The calzone was cooked by dinnertime. I set myself a place at the table, plated the calzone, and sat down to enjoy. I’ve always had a hard time sharing good food, and this was not an exception. The recipe says it makes four calzones, but I decided to make one big giant calzone. Yes, I ate four servings worth of calzone that day, and they were all delicious.
I had to cut the calzone in half because I hadn’t rolled the dough very well, and the edges and corners of the calzone were a little too thick. Keep in mind, this was in my early teens, when love of all things bready is at its height, so this calzone must have been THICK.  Picture this: a heaping block of dough on your plate, you cut into the dough with your knife and split it into two pieces, and where what was once just yellowy brown dullness, there became this magnificent rainbow. When I say rainbow, I really mean rainbow: red, green, and yellow, brown, and white. These vegetables were shining, I swear. This was not merely the day that I made a calzone. This was the day I discovered the glory of vegetables.
This success prompted me to attempt a few more kitchen adventures in the following weeks, which were all disasters. I remember a certain carrot salad dessert, a popular Indian dish, but I got the measurements wrong and it really became a carrot soup. And so the calzone is the hero of this story and here it is:

From Linda Fraser’s Simply Vegetarian
Ingredients:
4 cups flour
Pinch of salt
1 fast-rising dry yeast
About 1½  cups warm water

For the filling:
1 tsp olive oil
1 medium red onion, thinly sliced
3 medium zucchini, about 12oz total weight, thinly sliced
2 large tomatoes, diced
1 cup mozzarella cheese, diced
1 tbsp fresh oregano
Skim milk, to glaze
Salt and pepper

To make the dough, sift the flour and salt into a bowl and stir in the yeast.
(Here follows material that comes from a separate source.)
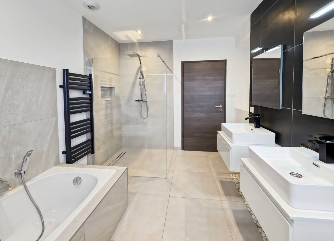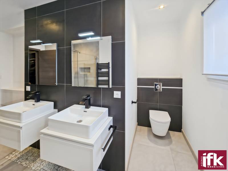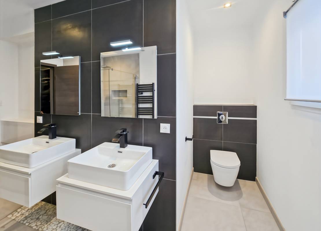 • une salle d’eau avec une douche, 2 vasques, un wc.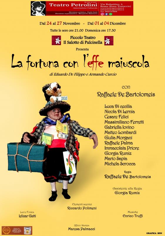 Debutta al Teatro Petrolini di Roma, dal 24 novembre al 4 dicembre, LA FORTUNA CON L’EFFE MAIUSCOLA, spettacolo di Eduardo De Filippo e Armando Curcio, diretto da Raffaele De Bartolomeis.

Stir in just enough warm water to mix to a soft dough.
Knead for 5 minutes until smooth. Cover and leave in a warm place for a bout 1 hour, or until doubled in size.
Meanwhile, to make the filling, heat the oil and sauté the red onion and zucchini for 3-4 minutes. Remove from heat and add the tomatoes, cheese, oregano, and salt and pepper to taste.
Pre-heat oven to 425 F. Knead the dough lightly and divide into four. Roll out each piece of dough on a lightly floured surface to a 8in round, and place a quarter of the filling on one half of each round.
Brush the edges with milk and fold to enclose the filling. Press firmly to enclose. Brush with milk.
Bake on an oiled baking sheet for 15-20 minutes. Serve.